Change-Id: I6df623f3e9bc88acc52043f16b34649b7af67663
Reviewed-on: https://boringssl-review.googlesource.com/5531
Reviewed-by: Adam Langley <alangley@gmail.com>
diff --git a/include/openssl/ssl.h b/include/openssl/ssl.h
index 6c9c645..ae40437 100644
--- a/include/openssl/ssl.h
+++ b/include/openssl/ssl.h
@@ -966,7 +966,37 @@
    * it is an error to call |sign_complete| if there is no pending |sign|
    * operation in progress on |ssl|. */
   enum ssl_private_key_result_t (*sign_complete)(SSL *ssl, uint8_t *out,
-                                                 size_t *out_len, size_t max_out);
+                                                 size_t *out_len,
+                                                 size_t max_out);
+
+  /* decrypt decrypts |in_len| bytes of encrypted data from |in|. On success it
+   * returns |ssl_private_key_success|, writes at most |max_out| bytes of
+   * decrypted data to |out| and sets |*out_len| to the actual number of bytes
+   * written. On failure it returns |ssl_private_key_failure|. If the operation
+   * has not completed, it returns |ssl_private_key_retry|. The caller should
+   * arrange for the high-level operation on |ssl| to be retried when the
+   * operation is completed, which will result in a call to |decrypt_complete|.
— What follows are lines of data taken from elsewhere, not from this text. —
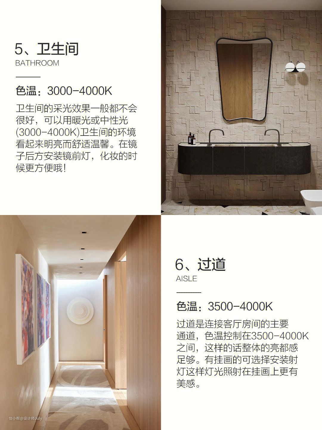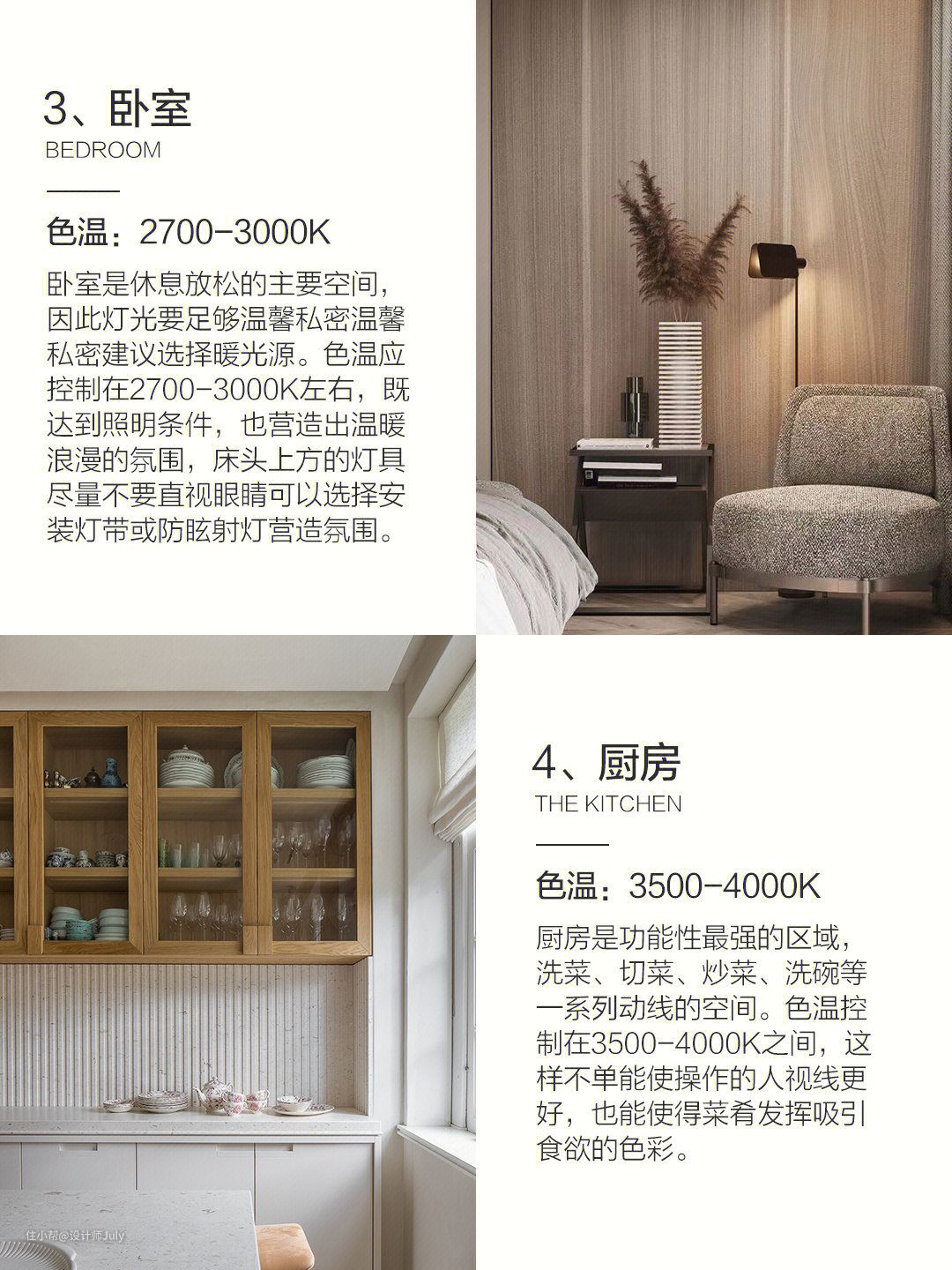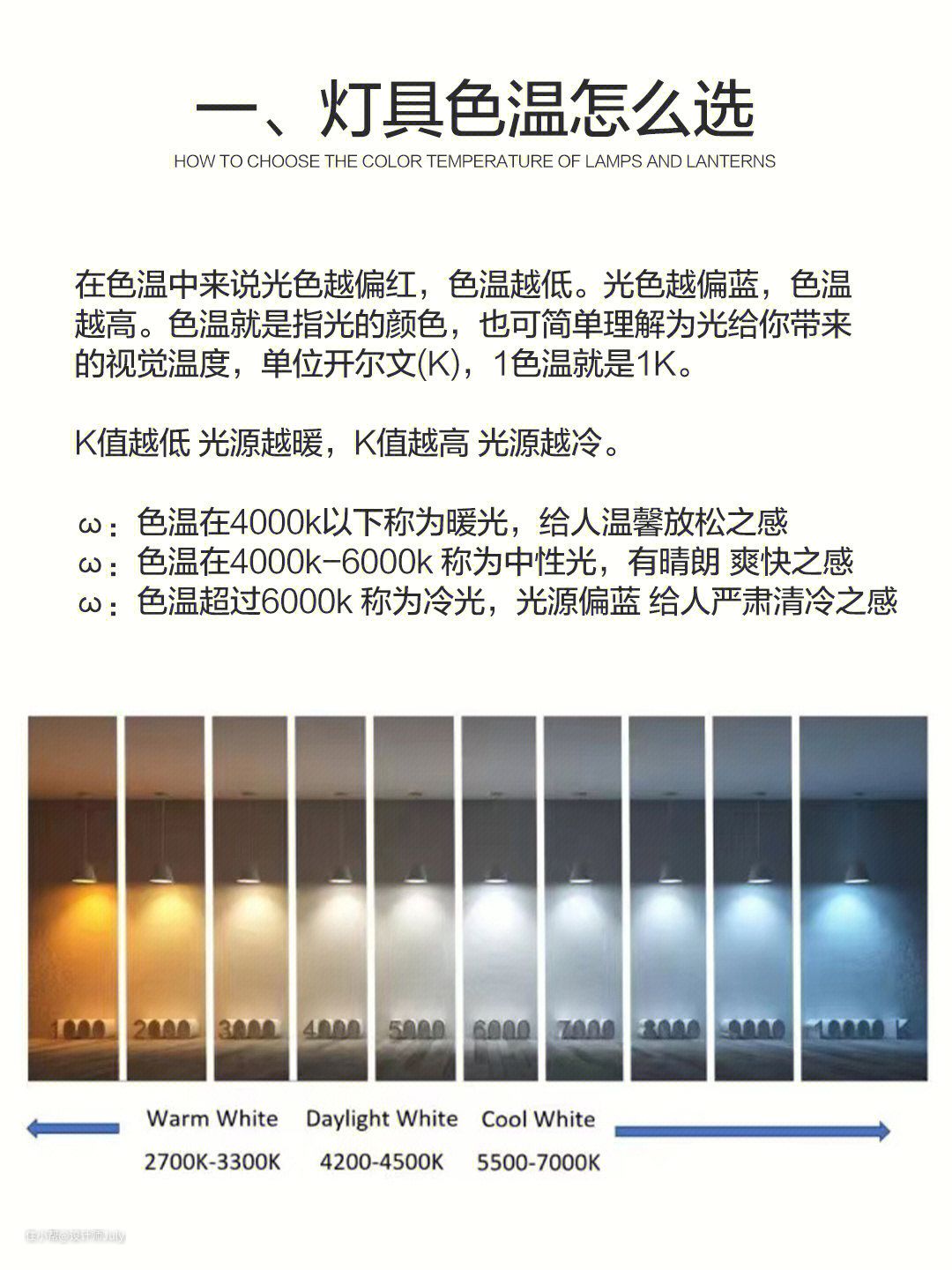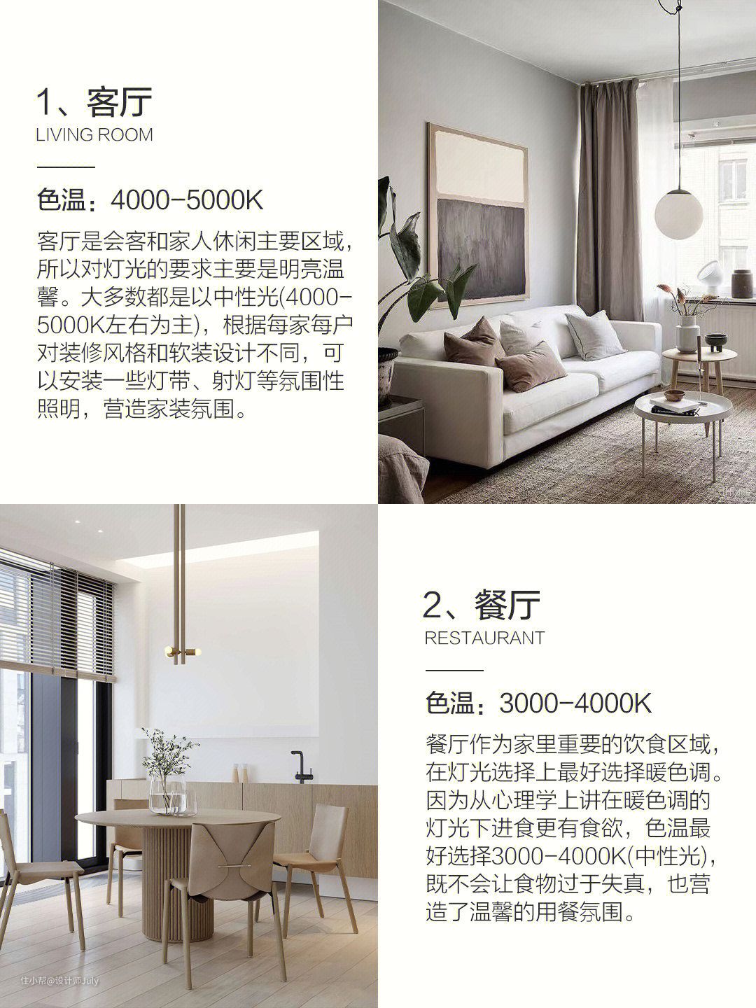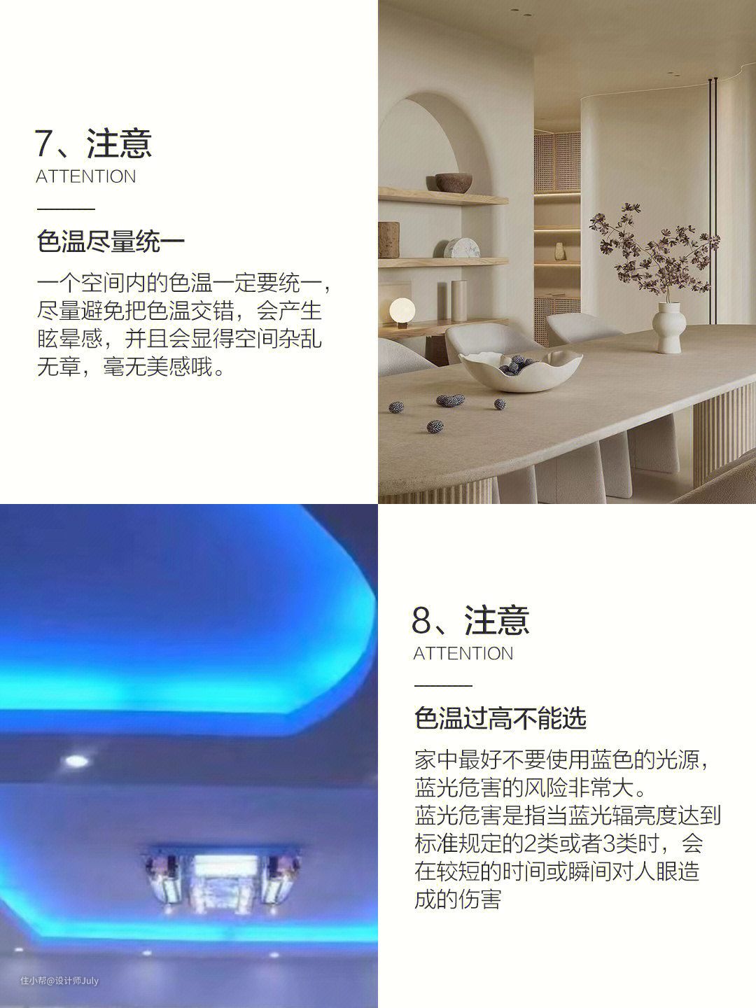 1、色温尽量统一,一个空间内的色温一定要统一,尽量避免把色温交错,会产生眩晕感,并且会显得空间杂乱无章,毫无美感哦。2、家中最好不要使用蓝色的光源,蓝光危害的风险非常大。蓝光危害是指当蓝光辐亮度达到标准规定的2类或者3类时,会在较短的时间或瞬间对人眼造成的伤害。
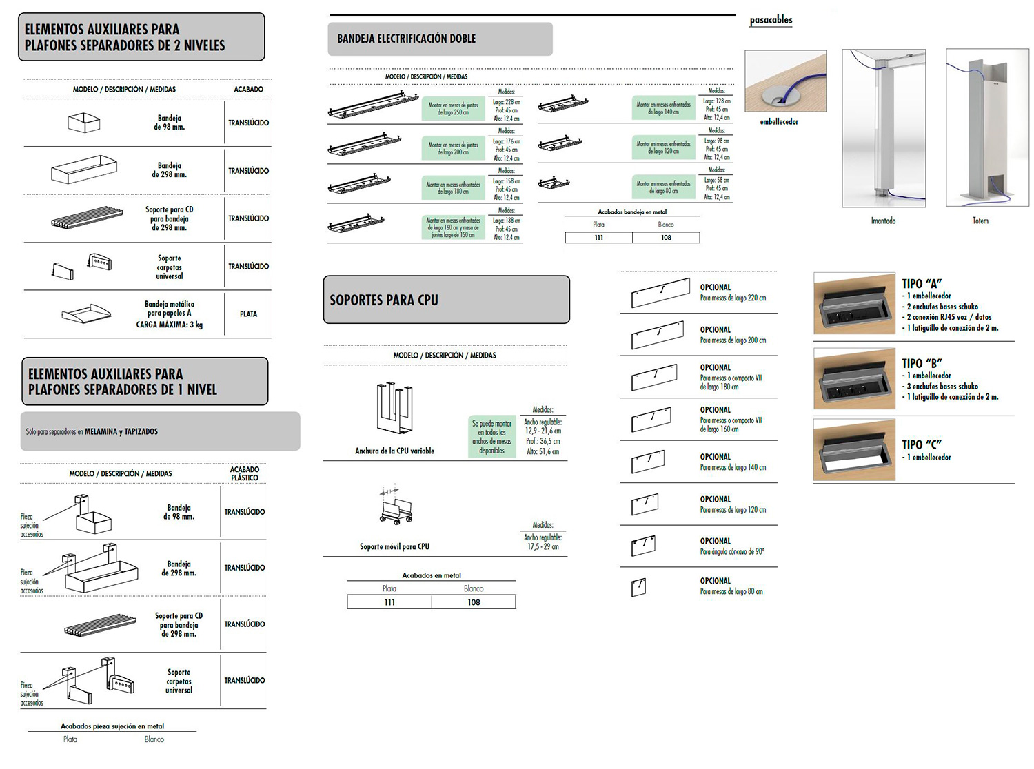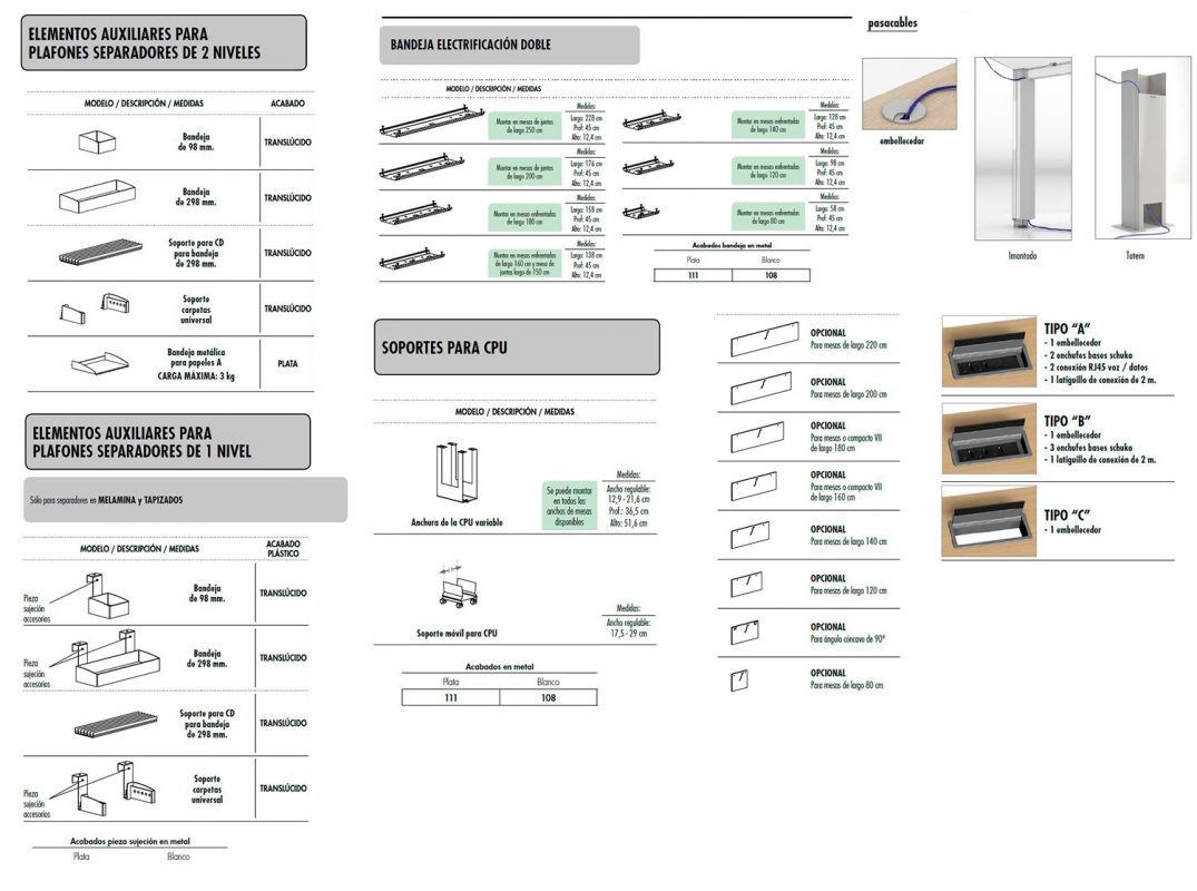 Acabados en pintura epoxi plata metalizada (ral 9006) o blanco texturado (ral 9016). Conteras de plástico ABS en la parte inferior del lateral para la ubicación de los niveladores con rosca métrica 8 y altura útil de 2 cm.
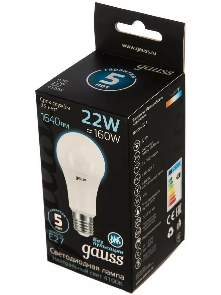 лампа Gauss 22Вт E27 2000Лм LED 4100К груша (102502222)
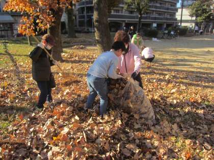 3チームに分かれて、落ち葉を集め、袋に詰めていきます。30分ほどの活動時間でしたが、葉っぱでいっぱいになったビニール袋がいくつもできました。ビニール袋に入れるときにしっかりと押し込まないといけないのが、結構大変でしたが、とても上手にできていましたとお褒めの言葉をいただきました。

+   * This function only works with RSA keys and should perform a raw RSA
+   * decryption operation with no padding.
+   *
+   * It is an error to call |decrypt| while another private key operation is in
+   * progress on |ssl|. */
+  enum ssl_private_key_result_t (*decrypt)(SSL *ssl, uint8_t *out,
+                                           size_t *out_len, size_t max_out,
+                                           const uint8_t *in, size_t in_len);
+
+  /* decrypt_complete completes a pending |decrypt| operation. If the operation
+   * has completed, it returns |ssl_private_key_success| and writes the result
+   * to |out| as in |decrypt|. Otherwise, it returns |ssl_private_key_failure|
+   * on failure and |ssl_private_key_retry| if the operation is still in
+   * progress.
+   *
+   * |decrypt_complete| may be called arbitrarily many times before completion,
+   * but it is an error to call |decrypt_complete| if there is no pending
+   * |decrypt| operation in progress on |ssl|. */
+  enum ssl_private_key_result_t (*decrypt_complete)(SSL *ssl, uint8_t *out,
+                                                    size_t *out_len,
+                                                    size_t max_out);
 } SSL_PRIVATE_KEY_METHOD;
 
 /* SSL_set_private_key_method configures a custom private key on |ssl|.
diff --git a/include/openssl/ssl3.h b/include/openssl/ssl3.h
index dc53f07..0d013d5 100644
--- a/include/openssl/ssl3.h
+++ b/include/openssl/ssl3.h
@@ -382,6 +382,7 @@
 #define SSL3_ST_SR_CERT_B (0x181 | SSL_ST_ACCEPT)
 #define SSL3_ST_SR_KEY_EXCH_A (0x190 | SSL_ST_ACCEPT)
 #define SSL3_ST_SR_KEY_EXCH_B (0x191 | SSL_ST_ACCEPT)
+#define SSL3_ST_SR_KEY_EXCH_C (0x192 | SSL_ST_ACCEPT)
 #define SSL3_ST_SR_CERT_VRFY_A (0x1A0 | SSL_ST_ACCEPT)
 #define SSL3_ST_SR_CERT_VRFY_B (0x1A1 | SSL_ST_ACCEPT)
 #define SSL3_ST_SR_CHANGE (0x1B0 | SSL_ST_ACCEPT)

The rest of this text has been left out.